For the material below, reproduce exactly each line from the one that has "Beautiful large baroque" through the one that has "(下图就是一个例子,对于用户 A,根据用户的历史偏好,这里只计算得到一个邻居 - 用户", and no others; pictures stay out.

▶ **Dataset excerpts**
*** Begin section ***
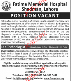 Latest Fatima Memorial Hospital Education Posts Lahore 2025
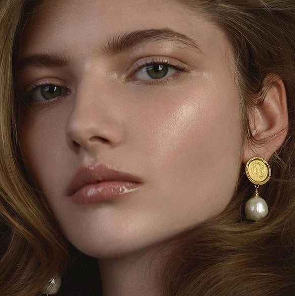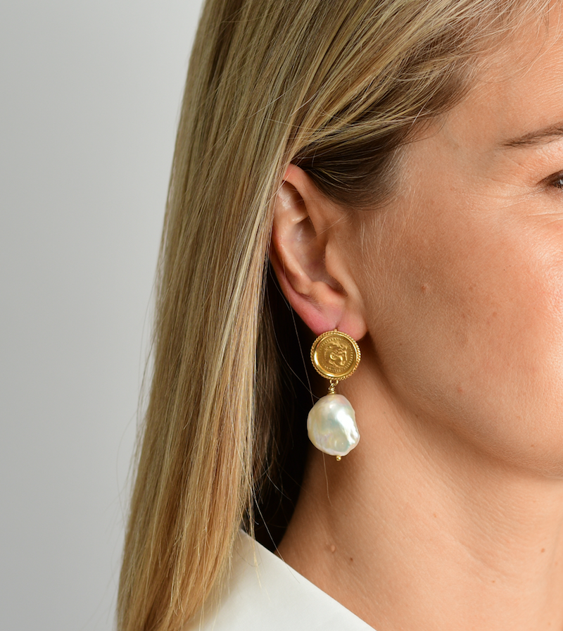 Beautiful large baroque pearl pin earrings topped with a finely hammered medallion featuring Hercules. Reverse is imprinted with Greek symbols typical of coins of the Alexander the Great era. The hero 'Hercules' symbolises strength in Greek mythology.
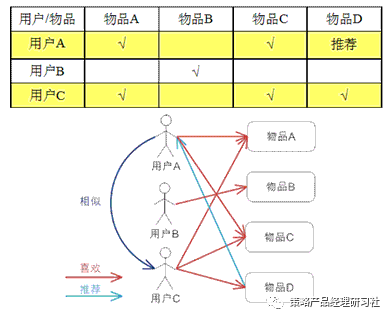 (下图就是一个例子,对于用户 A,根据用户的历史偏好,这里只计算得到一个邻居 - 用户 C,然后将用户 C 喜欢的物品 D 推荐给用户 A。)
*** End section ***
*** Begin section ***
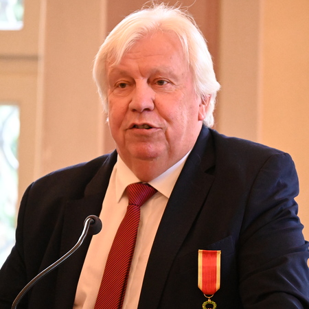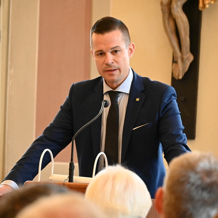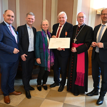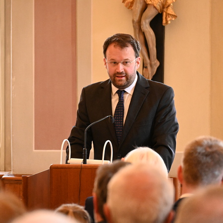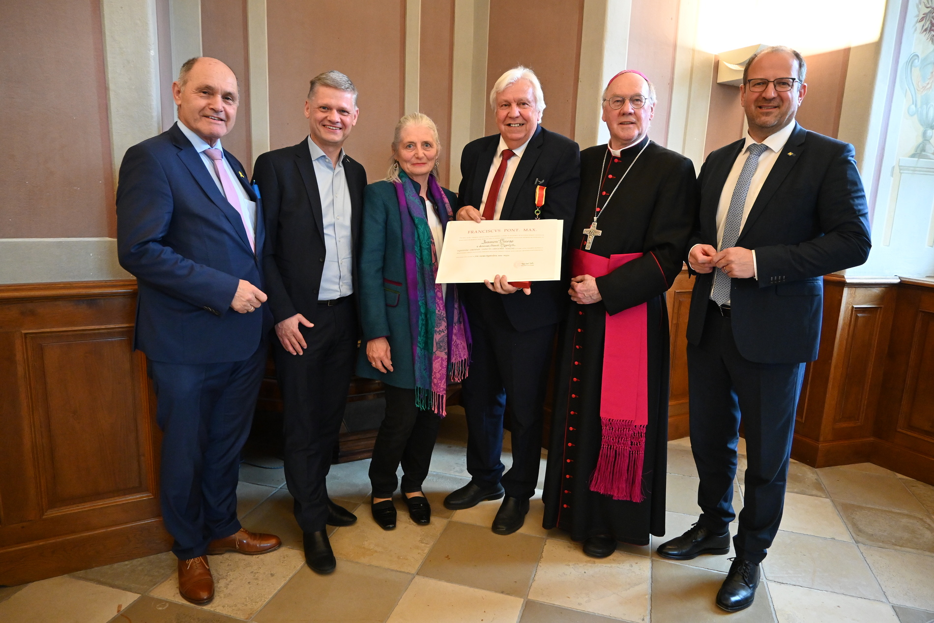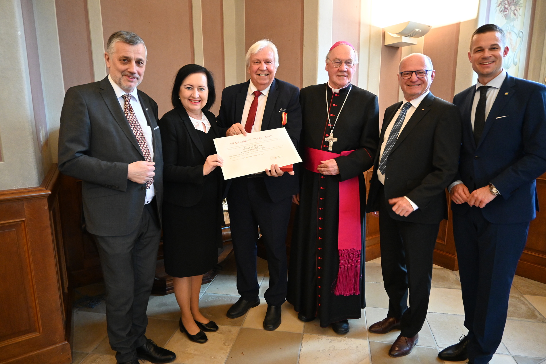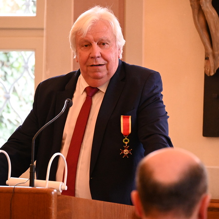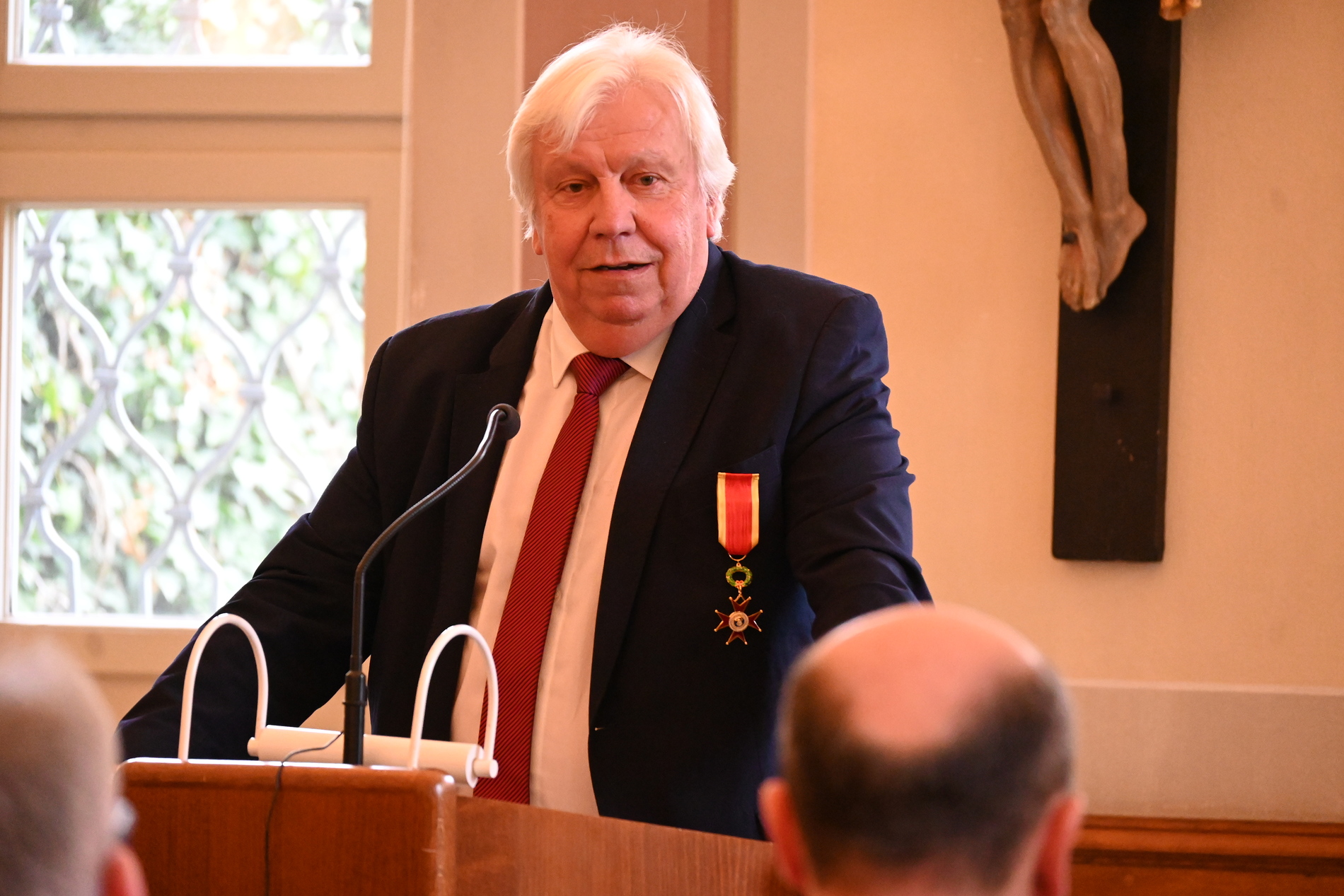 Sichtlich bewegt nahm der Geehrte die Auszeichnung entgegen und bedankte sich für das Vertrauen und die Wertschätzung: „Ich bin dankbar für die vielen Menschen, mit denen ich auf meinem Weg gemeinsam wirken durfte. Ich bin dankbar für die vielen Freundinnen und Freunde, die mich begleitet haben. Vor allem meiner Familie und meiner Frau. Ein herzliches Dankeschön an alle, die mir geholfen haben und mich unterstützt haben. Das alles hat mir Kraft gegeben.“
*** End section ***
▶ **Output of the exercise**
 Beautiful large baroque pearl pin earrings topped with a finely hammered medallion featuring Hercules. Reverse is imprinted with Greek symbols typical of coins of the Alexander the Great era. The hero 'Hercules' symbolises strength in Greek mythology.
 (下图就是一个例子,对于用户 A,根据用户的历史偏好,这里只计算得到一个邻居 - 用户 C,然后将用户 C 喜欢的物品 D 推荐给用户 A。)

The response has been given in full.